Does OOM kills happen often? If so, can you still reproduce it after echo 0 >/sys/kernel/mm/lru_gen/enabled
? Thanks.
@yuzhaogoogle - Yes, OOM happens very frequently with armv7h (but not at all with aarach64). At the time this happened, the system was idle with really nothing running beyond sshd, ufw, rngd, and systemd. To trigger this, I was using the package manager to simply download new packages. When I glanced at htop
<100M of memory was used at the time of the OOM.
Regarding lru_gen
, it is compiled into the kernel but disabled by default on armv7h: https://github.com/archlinuxarm/PKGBUILDs/blob/master/core/linux-rpi/PKGBUILD#L75
I had very similar OOM behavior with root on f2fs. Are you using that any chance?
No, it is ext4.
<100M of memory was used at the time of the OOM.
You only have about 100M memory that the kernel can use:
[ +0.002319] 2061312 pages RAM [ +0.001997] 1864704 pages HighMem/MovableOnly [ +0.001743] 39865 pages reserved [ +0.001885] 131072 pages cma reserved
(2061312-1864704-39865-131072)*4KB=~100MB
This is a limitation of the 32-bit kernel -- it can't map HighMem, where the majority of DRAM sits. So I'd recommend switching to the 64-bit kernel.

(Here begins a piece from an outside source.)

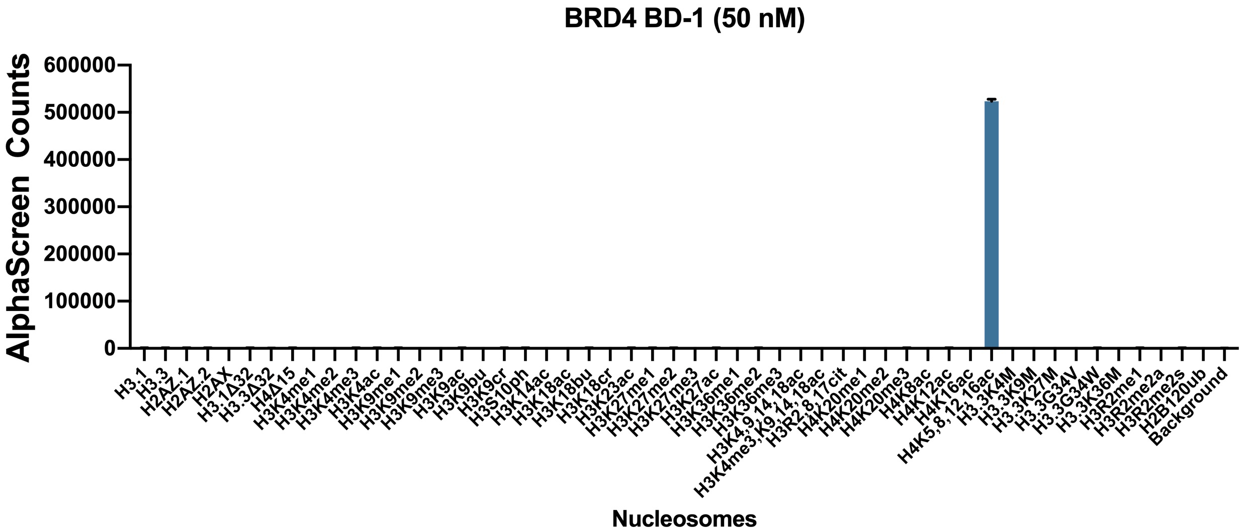 Applications : | The access to epigenetic diversity in a physiological nucleosome context enables broad end-user applications, including nucleosome binding studies (e.g. chromatin reader binding preferences, see application data below for example using BRD4 BD-1), enzyme screening assays (e.g. identification of preferred substrates), and antibody specificity testing (e.g. for applications that require antibody specificity in a nucleosome, rather than histone peptide context). The biotin group on the DNA facilitates pull-down experiments. Mononucleosomes do not contain free DNA which could alter assayed activities. |

This is a limitation of the 32-bit kernel -- it can't map HighMem, where the majority of DRAM sits. So I'd recommend switching to the 64-bit kernel.
I cannot follow this argument. The Raspberry Pi has been running on 32-bit kernel for years without this issue. There is a simple rule for this: no regressions.
Edit: in case a new feature doesn't work for a specific architecture it shouldn't be selectable.
There is a simple rule for this: no regressions.
Edit: in case a new feature doesn't work for a specific architecture it shouldn't be selectable.
This is a wonderfully idealistic view of the world, where test coverage is perfect and all users have the same requirements and experience.
Linus as made his views of LPAE very clear, so are you suggesting that it should not be possible to build a 32-bit kernel for the Pi 4?
There is a simple rule for this: no regressions. Edit: in case a new feature doesn't work for a specific architecture it shouldn't be selectable.
This is a wonderfully idealistic view of the world, where test coverage is perfect and all users have the same requirements and experience.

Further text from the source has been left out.